Add a code while coding
A code added from the tray is usable immediately on the current
instance — it is appended to the codebook-backed scheme's options
in place, no reload required. Because the annotation form template is
built once at server start, the tray re-applies any missing codes to
the form on every page load (it polls a lightweight
/api/codebook/version and only re-downloads the full codebook when
the revision moved), so codes added mid-session keep working across
navigation and their selections are restored.
In-vivo coding (code from a selection)
For a scheme that is both annotation_type: span and
codebook: true, you can mint a code straight from the text:
- Select the passage in the instance.
- Press the in-vivo key (
codebook_invivo_key, defaulti). - A small composer opens, pre-filled with a code name derived from the selection. Edit it if you like, then Create & code.
The code is created through the same audited path as the tray, added to the scheme's label palette in place, and a span with that code is laid over your selection — no reload, no losing the selection.
Soft suggest-on-create. As you type the name, closely matching
existing codes surface as one-click chips ("Similar existing code —
reuse instead?"). Picking one reuses that code instead of creating a
near-duplicate; the primary button then reads Apply code. Nothing
is blocked or silently merged — the choice is always yours. This keeps
a fast in-vivo workflow from fragmenting the codebook into
cost / costs / cost concerns.
| Option | Default | Description |
|---|---|---|
codebook_invivo_key |
i |
Single key that opens the in-vivo composer when text is selected in a codebook-backed span scheme. Only meaningful when such a scheme exists. |
Revision provenance & the review worklist
Every codebook change (add / rename / recolor / move / delete) bumps a
per-project codebook_revision, and every saved annotation is stamped
with the revision in effect. When you revisit an instance you labeled
under an older revision, a dismissible banner notes what changed
("N codes added since you labeled this: …", or a generic message for
non-additive changes). The tray's Review worklist lists exactly the
instances you labeled before later changes — only genuinely affected
instances are surfaced (an instance is listed only if its stamped
revision precedes the change) — each with a Go button to jump
straight there. Nothing is force-reopened; reviewing is optional.
Admins/adjudicators can see the project-wide stale set via
GET /api/codebook/admin/stale.
Retroactive curation (merge / split) — admin only
A long-lived codebook accretes near-duplicate or mis-scoped codes (more so once on-the-fly and in-vivo coding are in use). Admins and adjudicators get a Curate section in the tray to fix this retroactively without destroying history:
- Merge folds one code into another: every existing annotation linked to the source is re-pointed at the target (idempotent if the annotation already had the target), the source's links are invalidated (never deleted), and the source code is archived (it leaves the label list / ICL prompt but its row and history survive).

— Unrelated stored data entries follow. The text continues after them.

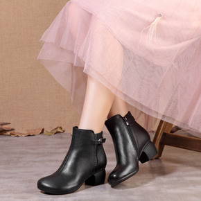 With one layer of cow leather, soft sole, middle heel, short boots, national style, retro round head women's boots, spring and autumn new single boots, women's Boots
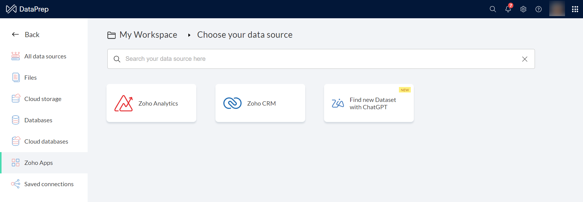 2. 左側のペインからZohoアプリカテゴリを選択し、ChatGPTで新規データセットを検索をクリックします。また、検索ボックスで直接このオプションを検索することもできます。
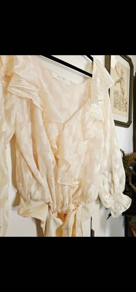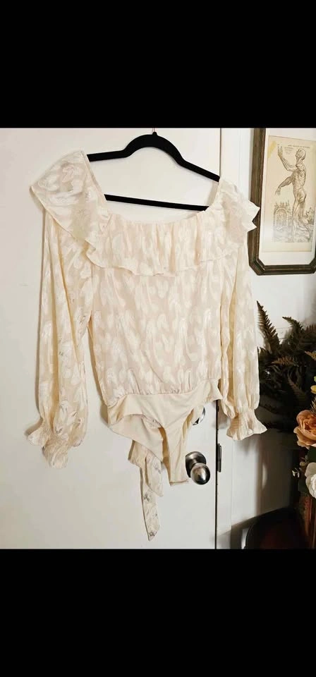 Size S ASTR Cream Ruffle Persephone Bodysuit Top
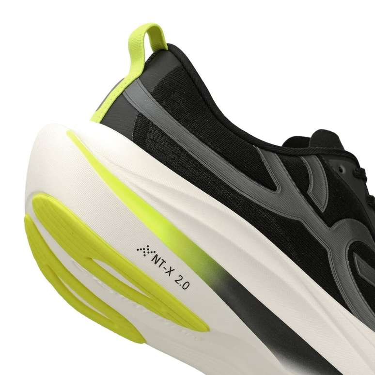 Na entressola, a tecnologia NT-X 2.0 utiliza TPE expandido com nitrogênio, proporcionando amortecimento, leveza e retorno de energia. Já o solado traz borracha Gripper, que aumenta a durabilidade e a aderência durante a corrida.
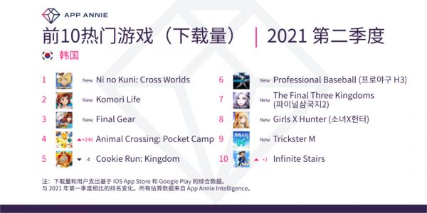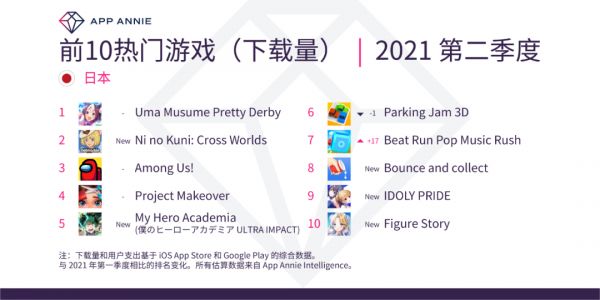 上个季度亚太地区最引人注目的游戏产品无疑是《二之国:交错世界》。它在日本和韩国的突破榜单中名列前茅。《二之国》是一款吉卜力风格的角色扮演游戏,于 2010年年首次登陆任天堂 DS,并于 6 月推出。
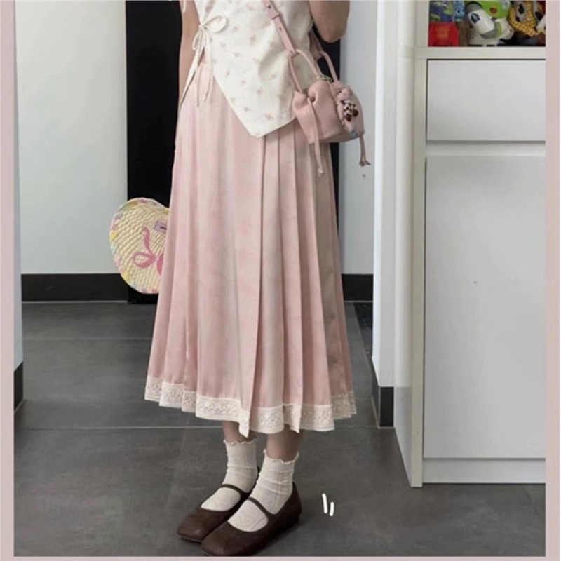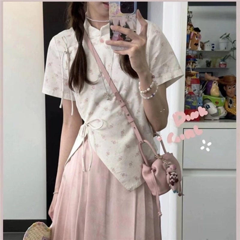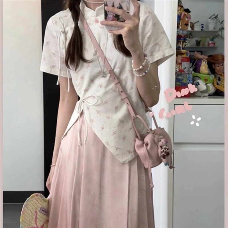 ChicShe Two-Piece New Chinese Style Floral Stand Collar Shirt For Women + Pink Bamboo Pleated Skirt Set
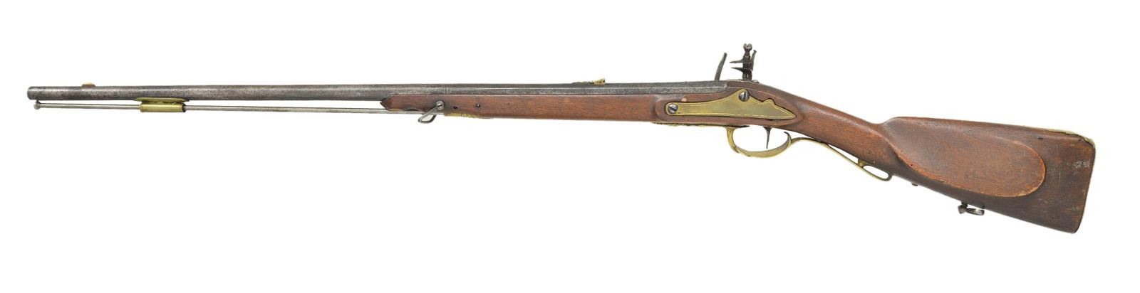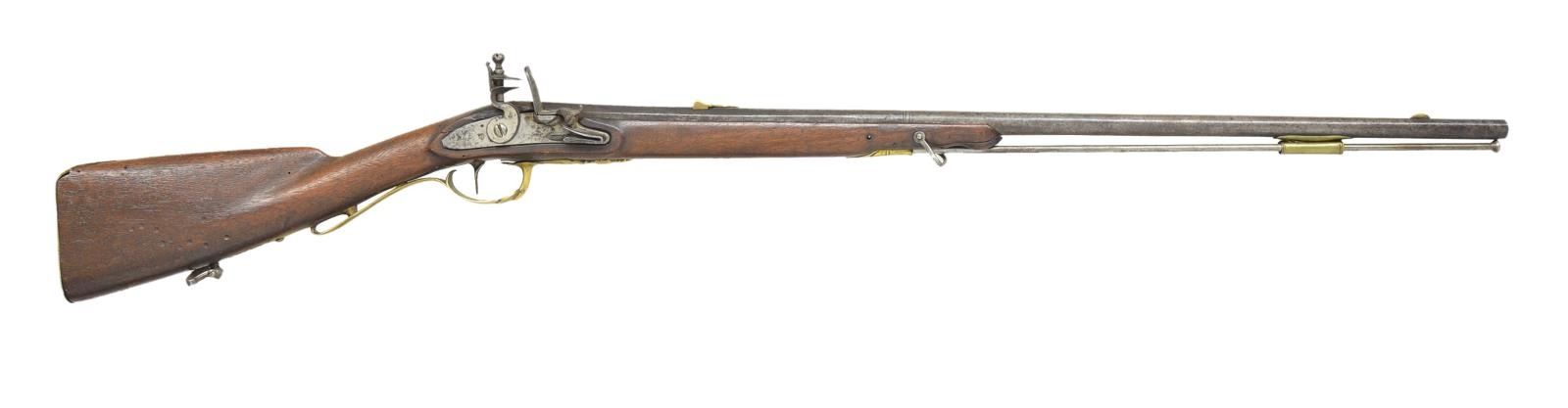 1) EUROPEAN CHILD’S FLINTLOCK FOWLER. Cal. 42. NSN. Bbl. 26 3/4" half rnd., fitted w/ brass rear & front sights & has unknown marks on top flat. Sm. flintlock w/ serpentine cock also features inset faceted pan, unbridled frizzen & friction spring w/ spear finial. Sm. sized walnut half stock (10 3/4" LOP) is mounted w/ relief brass trigger guard, heavy sideplate & buttplate. Stock also features swept right hand cheekpiece & sling loops. Steel ramrod mounts through single brass pipe soldered to bottom of bbl. & thimble. CONDITION: bbl. dark brown patina w/ silver highlights. Lock w/ extensive cleaning is mostly pewter gray. Bbl. & lock appear to be in original flintlock configuration. Stock retains old finish w/ a number of light & deep marks. Lock is operable. Rusted bore. (01-19767/MGM).
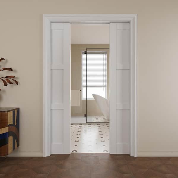 48 in. x 80 in. White Primed 3-Lite MDF Door with Solid Core Pocket Sliding Door Frame with Hardware and Soft Close
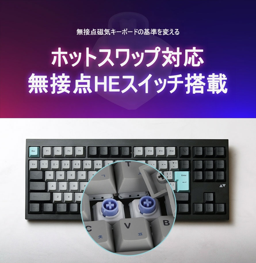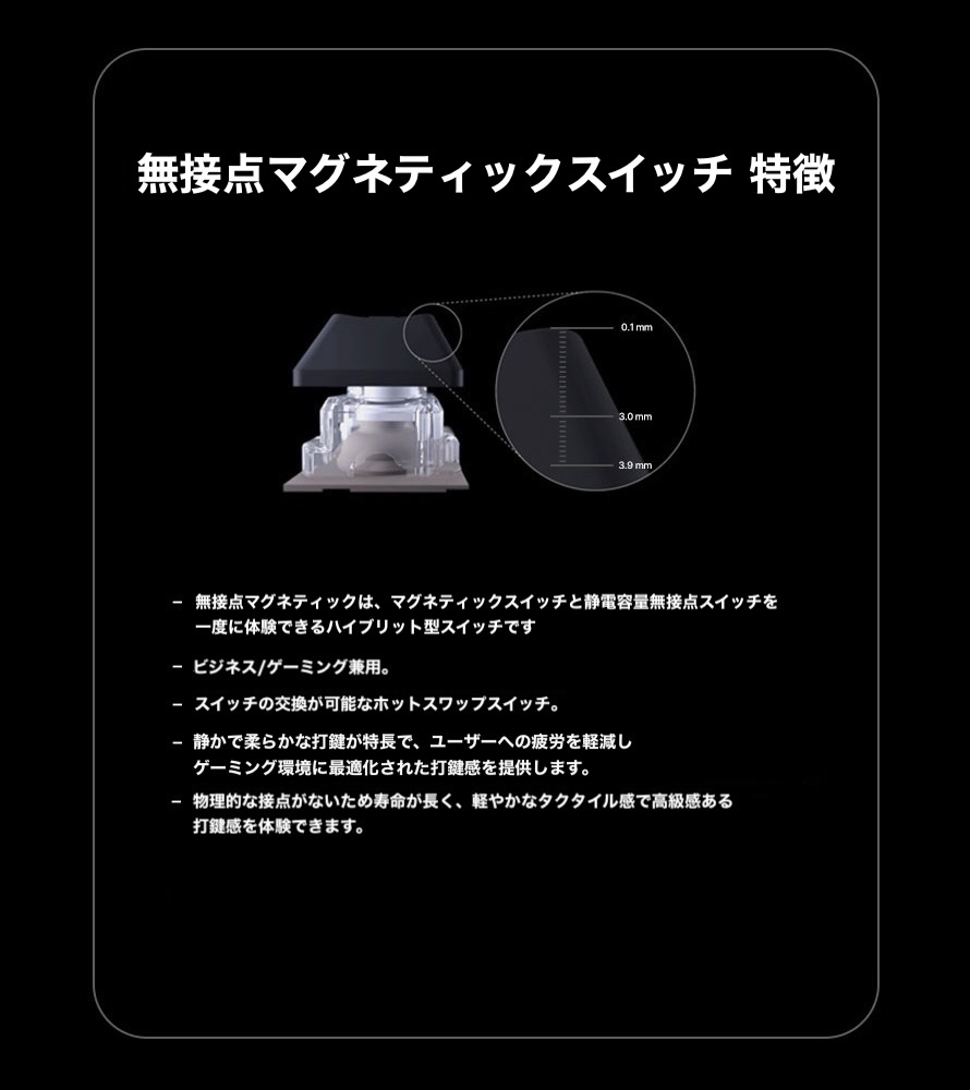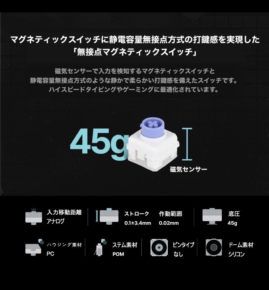 マグネティックスイッチに静電容量無接点方式のような打鍵感を実現した「無接点マグネティックスイッチ」を採用。磁気センサーで入力を検知するマグネティックスイッチと静電容量無接点方式のような静かで柔らかい打鍵感を備えたスイッチです。ハイスピードタイピングやゲーミングに最適化されています。
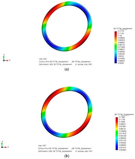 Deformation (×50) by orthogonal symmetric heat transfer and orthogonal symmetric heat transfer on the outer surface, axial symmetry heat transfer on the inner surface. (a) Deformation (×50) by orthogonal symmetry heat transfer; (b) deformation(×50) by orthogonal symmetric heat transfer on the outer surface and axial symmetry heat transfer on the inner surface.

- Split by annotator moves just one annotator's links from a code to a new or existing code — the concrete fix when two coders meant different things by the same name. The source stays live for the other annotators.
Both are append-only: historical links are marked superseded, not removed, so the change is fully auditable and the codebook can never silently lose data. Affected instances are softly re-flagged so they resurface in each annotator's Review worklist (dismissible, never a hard re-label gate — same policy as ordinary revision changes).
Authorship/provenance lives in a separate change log, never on the code records (those feed the ICL prompt verbatim). The collapsed Recent changes list in the Curate section is the human-readable before→after delta.
LLM-proposed edits (propose → human confirm)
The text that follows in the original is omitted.